*** Begin section ***

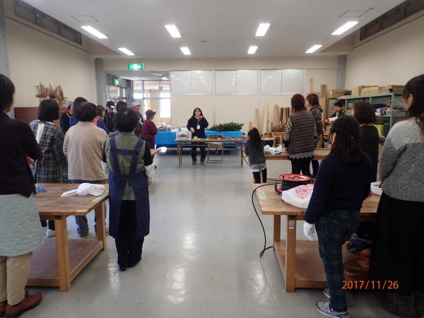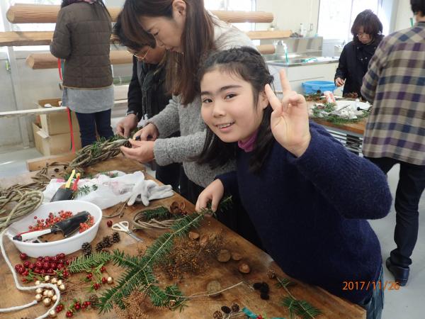 | 日程 | 午前09時30分 受付(森林展示館) 午前09時45分 オリエンテーション(森林展示館) 午前10時00分 作り方説明、クリスマスリース作り(木工体験館) 午後12時00分 閉会・アンケート(木工体験館) |
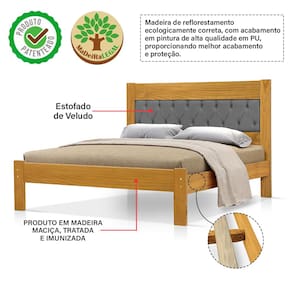Características: Modelo: Viena Tipo: Cama de Casal Material da Estrutura: Madeira Cor da Estrutura: Imbuia Material da Cabeceira: Veludo Cor da Cabeceira: Cinza Design elegante e funcional
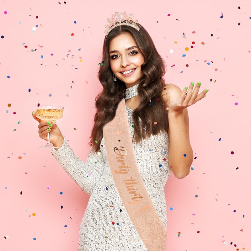 - High Quality: 30th birthday crown is made of eco-friendly alloy metal and sparkle rhinestones and pearls, durable and comfortable to wear. The dirty thirty birthday sash is made of glitter sash and colorful font, make you your feeling like a queen when wearing it.
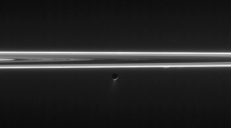 Enceladus blasts its icy spray into space in this unlit-side ring view that also features a tiny sliver of Rhea.

*** End section ***

Problem to solve.
Word for word, quote the lines above. Omit the pictures.

Task response.
 | 日程 | 午前09時30分 受付(森林展示館) 午前09時45分 オリエンテーション(森林展示館) 午前10時00分 作り方説明、クリスマスリース作り(木工体験館) 午後12時00分 閉会・アンケート(木工体験館) |
Características: Modelo: Viena Tipo: Cama de Casal Material da Estrutura: Madeira Cor da Estrutura: Imbuia Material da Cabeceira: Veludo Cor da Cabeceira: Cinza Design elegante e funcional
 - High Quality: 30th birthday crown is made of eco-friendly alloy metal and sparkle rhinestones and pearls, durable and comfortable to wear. The dirty thirty birthday sash is made of glitter sash and colorful font, make you your feeling like a queen when wearing it.
 Enceladus blasts its icy spray into space in this unlit-side ring view that also features a tiny sliver of Rhea.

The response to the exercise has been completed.